У него самого тоже что-то оставалось от мягкой малороссийской речи, даже не в произношении, а лишь в манере, интонации какие-то проскальзывали... Вдруг спохватился и озабоченно глянул на часы:

- Я же ж еще на прием записался! К этому... к подкожному.

По вечерам в палате делать нечего. Они парой слонялись по коридору и толковали за жизнь. Малахов все исподволь интересовался.

- У меня воспаление, так оно понятно - сколько этой отравы поглотал, политуры, - с жалостью к самому себе тихо говорил он. - Припрет, слушай... надо! Так я на мебельной работаю. - Он печально покачал головой. - Сам себе желудок сорвал. А ты? Молоко свое, масло, яйца, на воздухе все время.

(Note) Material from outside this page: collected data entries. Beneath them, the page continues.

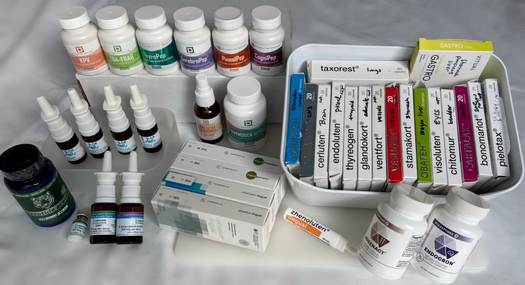 Single Organ Bioregulator Peptides: See this post for: Adrenals – Bile – Bladder – Blood Vessels – Bone Marrow – Brain / CNS Cartilage – Collagen- Gastric Mucin – Heart Hypothalamus – Kidneys- Liver – Lungs – Muscles – Ovaries – Pancreas- Parathyroid – Pineal (Endocrine) – Pituitary – Prostate – Retina / vision – Stomach – Testes – Thyroid – Thymus
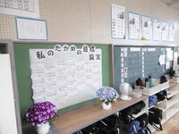 4月12日,学級目標を決めたり,学級掲示物を作成したりました。学級目標決めでは,それぞれのクラスへの思いを共有し,より良い学級目標づくりを行いました。
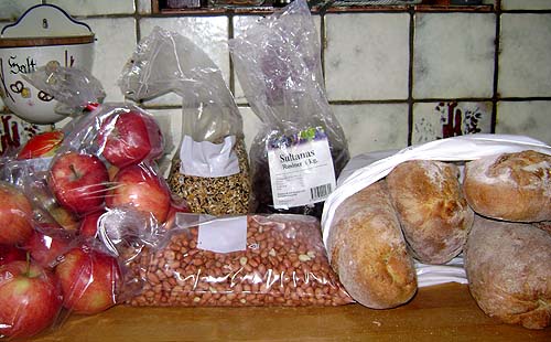 I Foderstoffen købte jeg en hel sæk vildtfuglefrø samt vejede en stor pose nødder af. Jeg har stadig solsikkefrø og rosiner på lager.
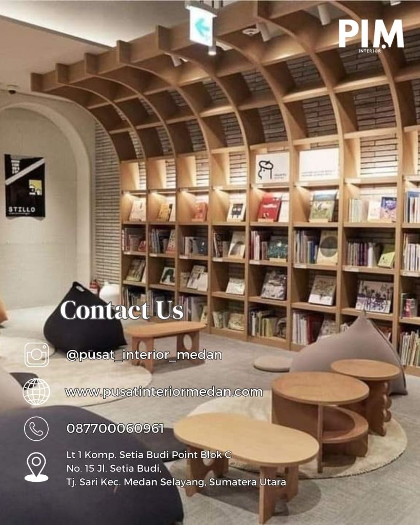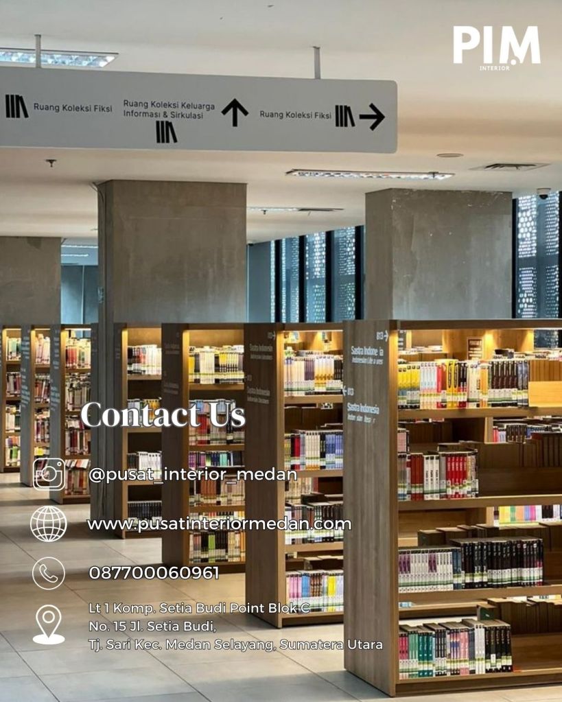 Pusat Interior Medan adalah perusahaan yang bergerak di bidang jasa interior, custom interior, dan desain interior yang siap membantu menciptakan ruang perpustakaan yang nyaman dan menarik. Dengan pengalaman yang luas serta tim profesional, Pusat Interior Medan menghadirkan solusi desain interior terbaik sesuai dengan kebutuhan pendidikan.

- Все правильно. И еще ульев десяток. Как узнал, что язва, сразу стал пить прополис. Сам понять не мог. Мне доктор молоденькая сказала: "У вас, Приходько, характер относится к явному типу А". Что за тип такой?" - думаю сe6e. Поинтересовался как бы ненароком у нервного врача, а тот привел пример. Стоят, скажем, две женщины в дверях, на самом проходе в магазин, языками зацепились и молотят, всем мешают. Пять человек протиснулись бочком, промолчали. Наконец не вытерпит кто-то один - сделает замечание... Я говорю: "Точно, я бы не смолчал! И еще за это от них в ответ схлопотал бы". Врач смеется: "Все вы, Приходько, правильно схватили". Короче, этот тип, значит, за все переживает и во все лезет.

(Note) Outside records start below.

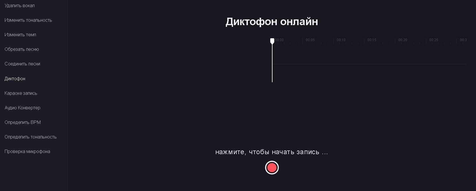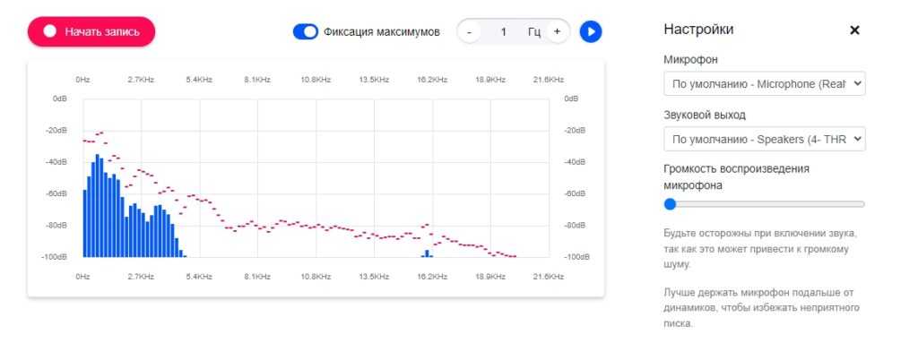 - Некоторые сервисы позволяют увидеть уровни, а также герцы вашего голоса. Ищем кнопку записи и кликаем по ней.
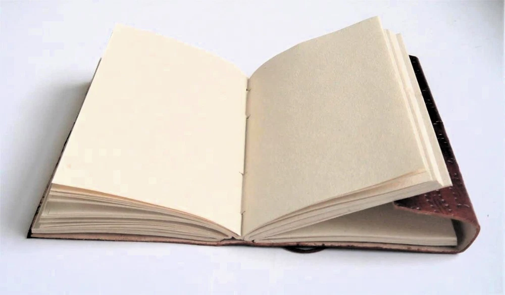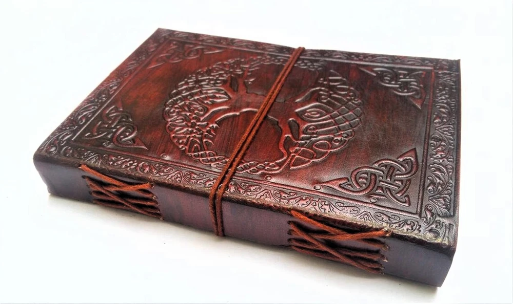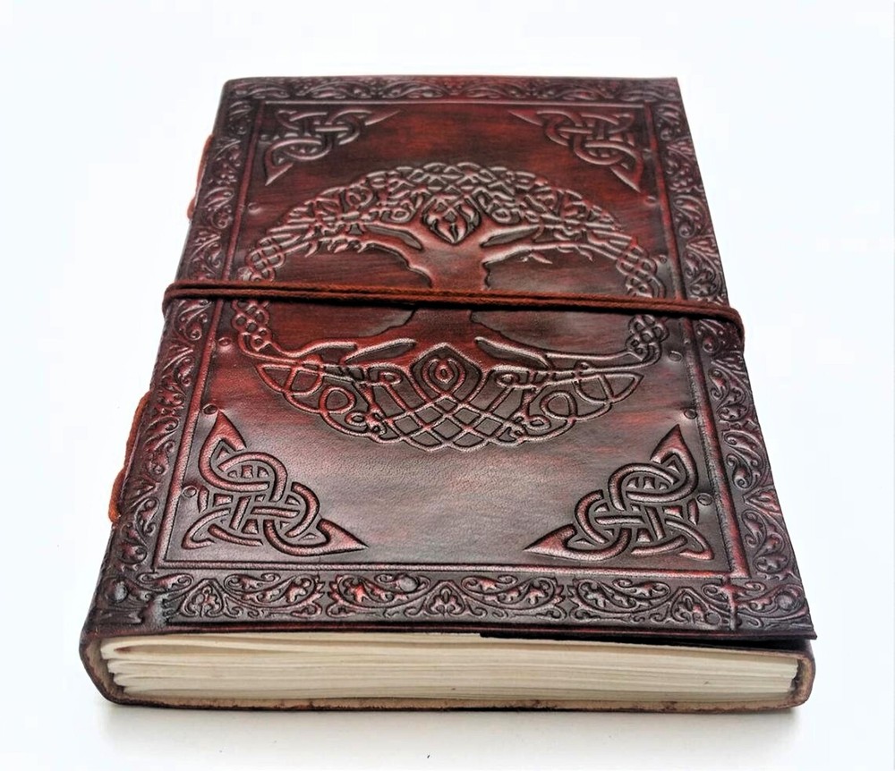 This beautiful handmade Tree of Life journal / notebook is made with plain handmade paper bound by genuine leather. The handmade sheets of paper are fixed with a removable string binding which makes it possible to replace with new paper once used. Ideal for notes, diary and sketchbook. Dimensions: Length: 18 cm / 7 inches Width: 13 cm / 5 inches Thickness: 2.5 cm / 1 inch Approximately 100 sheets of paper.
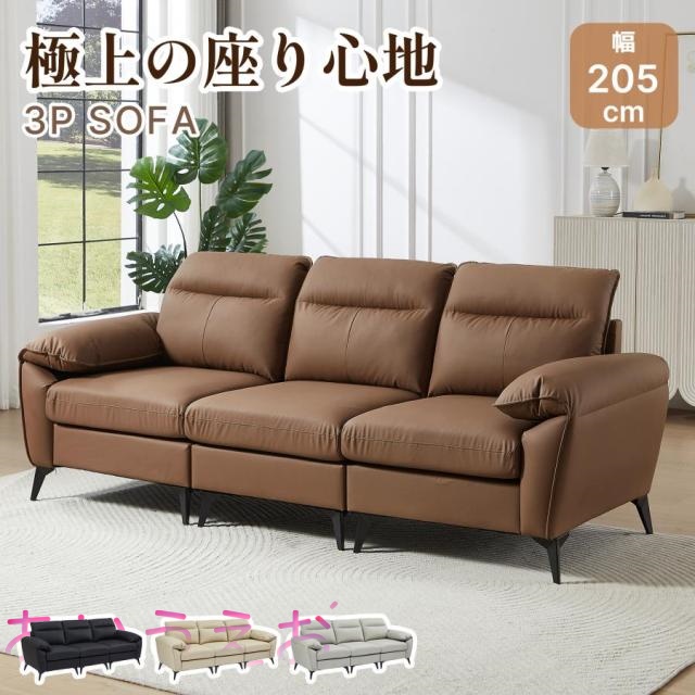 ■「 幅205cm」3人掛けソファー ソファ3人掛け 北欧 ソフト レザーソファー 3p モダン リビングソファー ソファーセット ソファセット PUソ
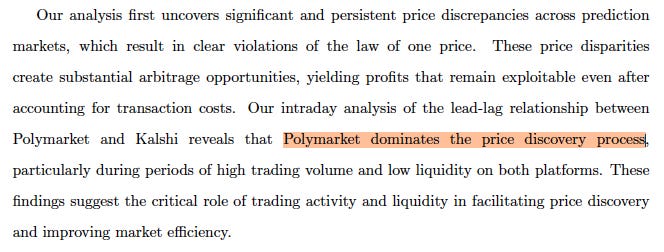 It’s therefore unsurprising that Polymarket dominates price discovery for other prediction markets as well.
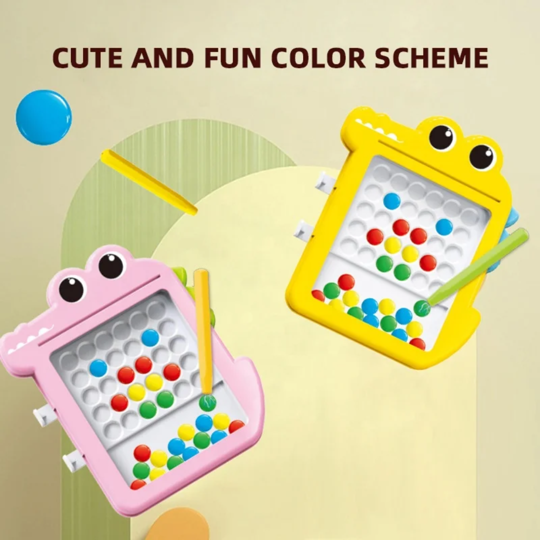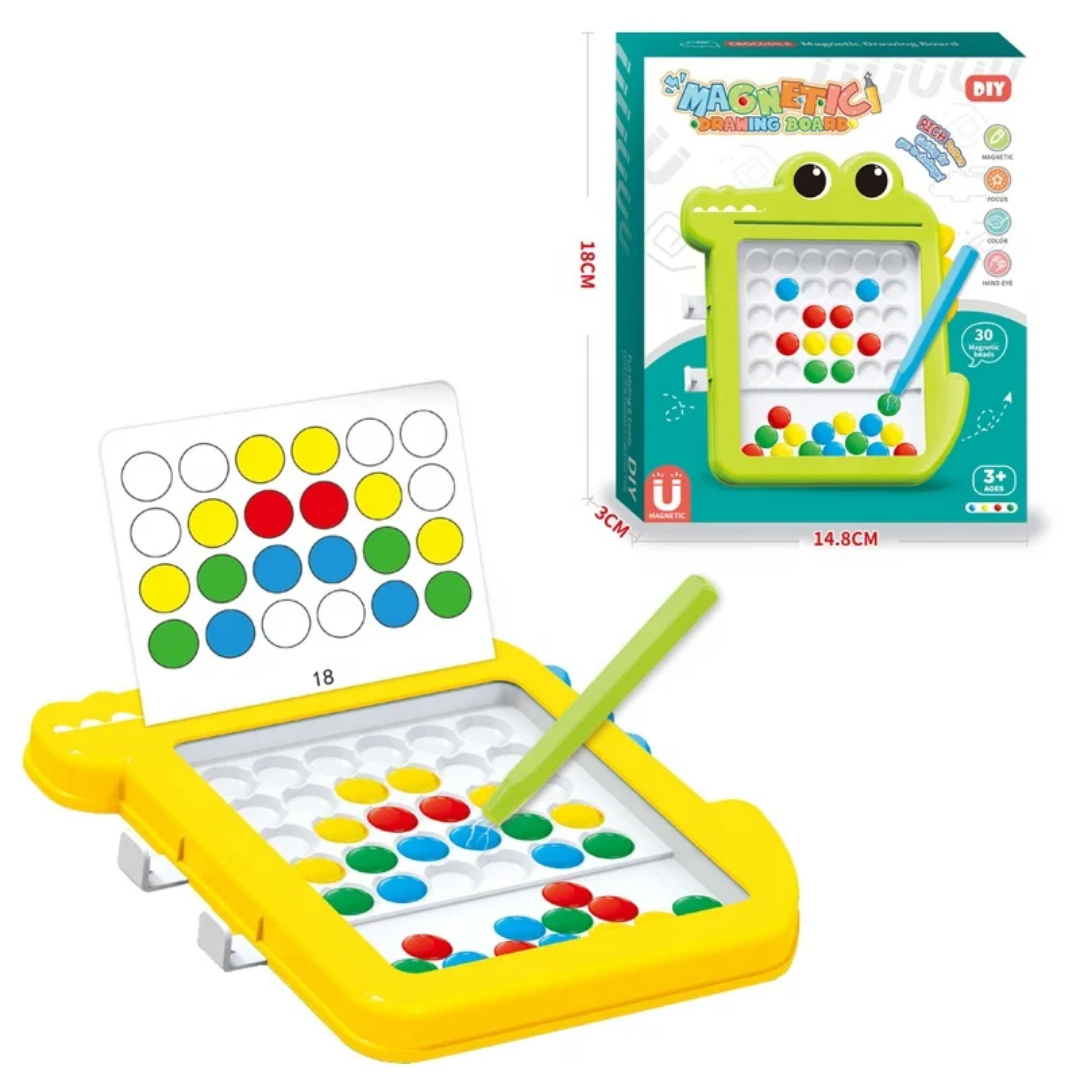 بازی برد مگنتی الگویابی و طراحی با دکمه های مغناطیسی مدل دایناسور یکی از بهترین بازی ها برای تقویت دقت و تمرکز، هماهنگی چشم و دست، پرورش خلاقیت و الگو یابی برای کودکان بالای سه سال است. این بازی دارای هفت عدد کارت الگو یابی دو رویه است که کودک می تواند بر طبق آن اشکالی را با استفاده از مداد آهنربایی و مهره های رنگی داخل صفحه بازی بسازد.
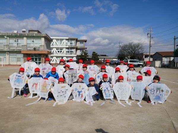 冬を楽しもう。生活科の単元です。今日、1年生の子ども達は、自分で作った凧で凧あげをしました。

- Дак зачем ты так? - сочувственно отозвался Малахов. - Остерегался бы как-нибудь...

- Ты вот допытываешь, стреляли браконьеры аль нет. В меня на войне сколь стреляли, и я отвечал... А теперь хуже придумали: пишут. Одна "телега" за другой. Страшнее любого жакана. Три комиссии с августа, и ничего не подтверждается.

Кто же это на тебя?

- А!.. Мир не без добрых людей, - отмахнулся Василь Миронович. Но все же сумрачно пояснил: - Такой липучий репей... Совхозный бухгалтер. К нему приехали гости из города, а я их на берегу прихватил. Чирочков постреляли до срока, неводишко был незаконный. Грозились, потом стали просить протокол уничтожить, а я говорю: "Ты можешь в своей бухгалтерии документ вырвать и сжечь? Я не могу - дело принципа". С тех пор и пошло.

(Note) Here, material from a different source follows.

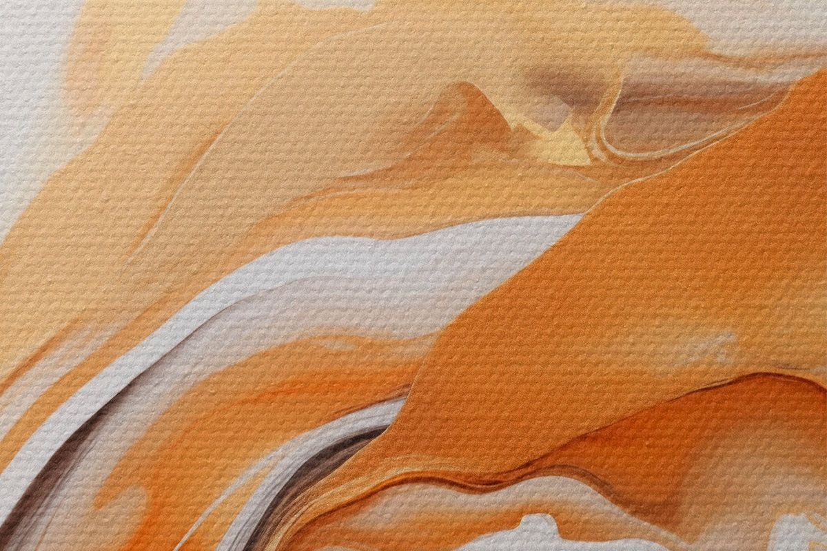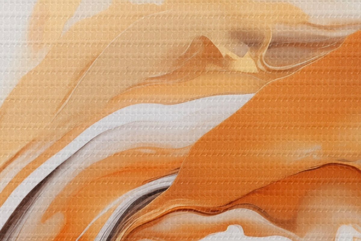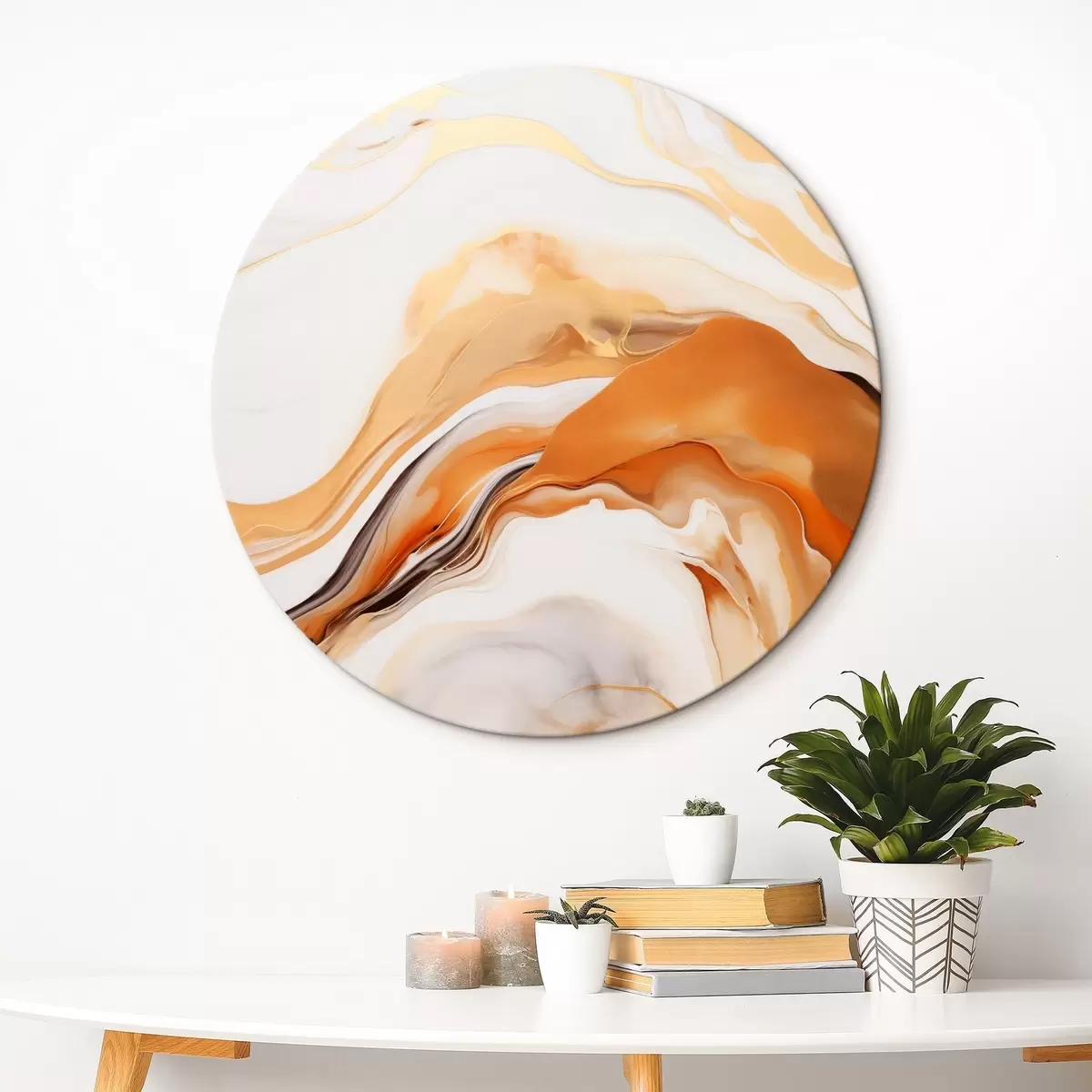 Okrągły obraz Imitacja malarstwa abstrakcyjnego z płynnymi kształtami w odcieniach bieli, pomarańczy i brązu, minimalistyczna Nr r45938

Сначала поступил анонимный сигнал о том, что он, егерь Приходько, и есть самый отъявленный браконьер, бьет зверя без счета, и все шито-крыто - самогонкой покрывается. Что кормушек для животных не делает - только на бумаге числятся. И так далее, и тому подобное. Прикатила ведомственная комиссия. А я как раз "зверя" добыл - заколол борова и палил в ограде. Они смеются: "Мы на козлятину и сохатину ехали, а у тебя...",

Приходько достал вездеход ГАЗ-66, возил проверяющих по лесам, снег ногой разгребал: вот солонцы, видите? Вот кормушки, веники для подкормки. А как доказать, что я не верблюд, то есть что не стрелял без разрешения, - этого не знаю. "Там еще про самогон было написано", - покряхтывая с морозцу и смущенно хехекая, вспоминала комиссия. Приходько сперва растерялся: не пьет он совершенно! Но тут украинский юморок взыграл: "Ну, самогон-то имеется, как не быть!" Ведет на кухню и достает с полки шкалик, в нем граммов сто плещутся. "А больше нет, хлопцы, извините великодушно. В отпуск ездил в Кировоград к племяннице, сунула на дорогу местный сувенир". "Все у тебя шуточки, все шуточки", - поджав губы, проговорила комиссия. Но акт составила в том смысле, что егерь В. М. Приходько в целом со своими обязанностями справляется удовлетворительно, есть некоторые отдельные недостатки, и ему указано усилить борьбу по этим вопросам.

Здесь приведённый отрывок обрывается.